What you have to do:
What's needed is an exact copy of all the data below, without pictures.

Dataset extract:
■ ■ ■ ■ ■ ■ ■

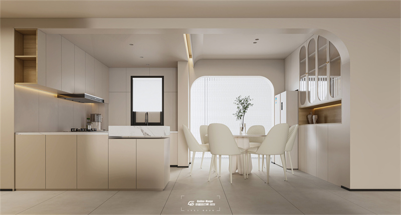 餐廚區(qū)墻頂同色,櫥柜餐桌椅選用了與客餐廳一樣的奶油色系,在視覺(jué)上放大了空間。在空間中大量運(yùn)用曲面的墻體,增強(qiáng)空間的趣味性。
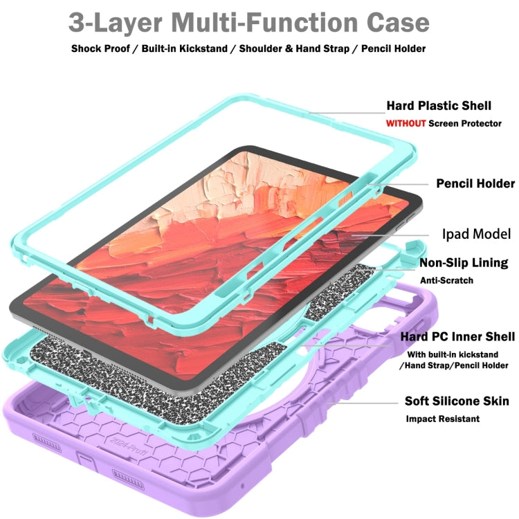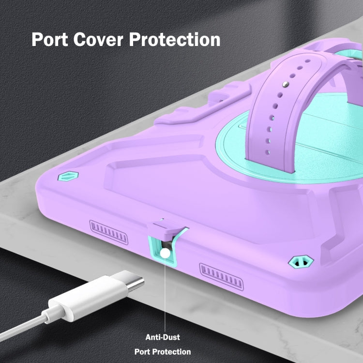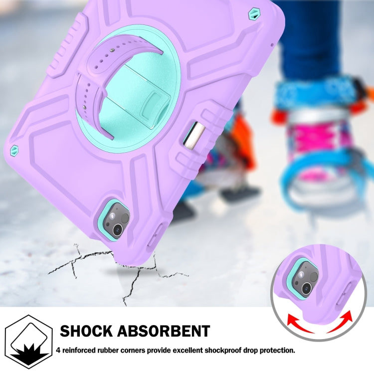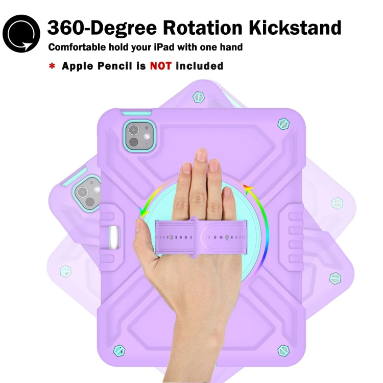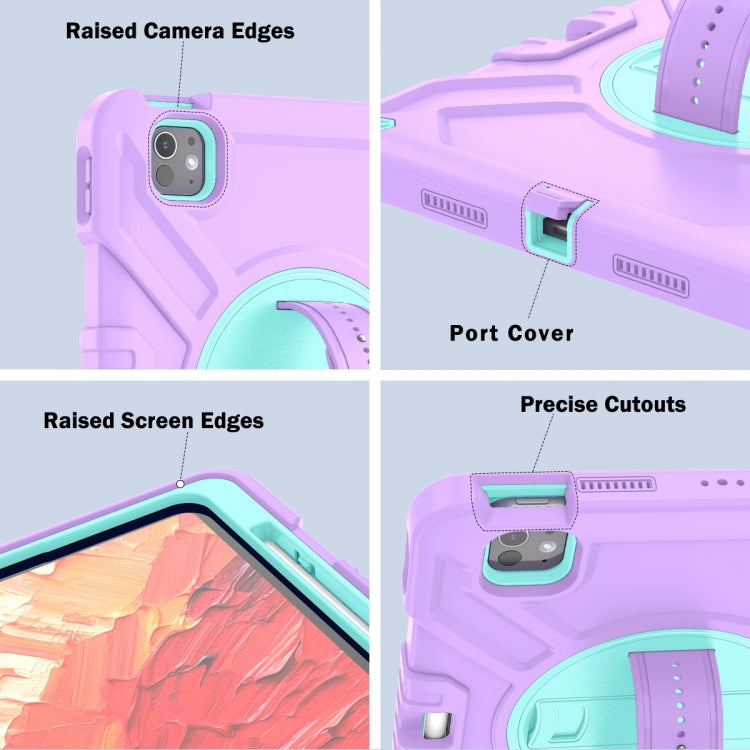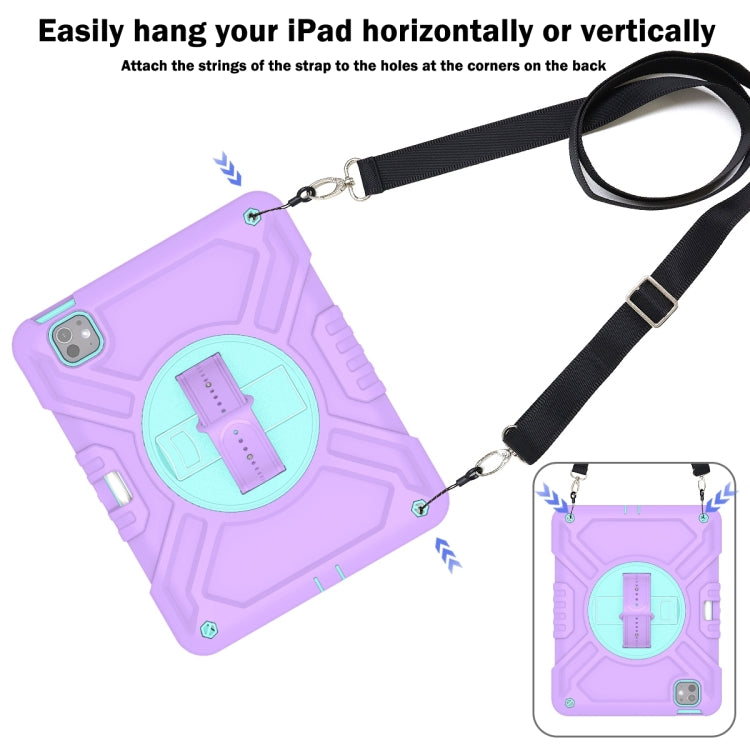 For iPad Pro 11 2024 X Rotation PC Hybrid Silicone Tablet Case with Strap(Purple Cyan)
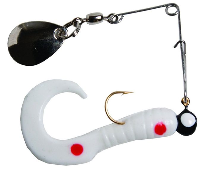 - 1/4 OZ CURLS-SPIN WHITE/RED DOT 4" 1PK 12PK/CD

■ ■ ■ ■ ■ ■ ■

Task output:
 餐廚區(qū)墻頂同色,櫥柜餐桌椅選用了與客餐廳一樣的奶油色系,在視覺(jué)上放大了空間。在空間中大量運(yùn)用曲面的墻體,增強(qiáng)空間的趣味性。
 For iPad Pro 11 2024 X Rotation PC Hybrid Silicone Tablet Case with Strap(Purple Cyan)
 - 1/4 OZ CURLS-SPIN WHITE/RED DOT 4" 1PK 12PK/CD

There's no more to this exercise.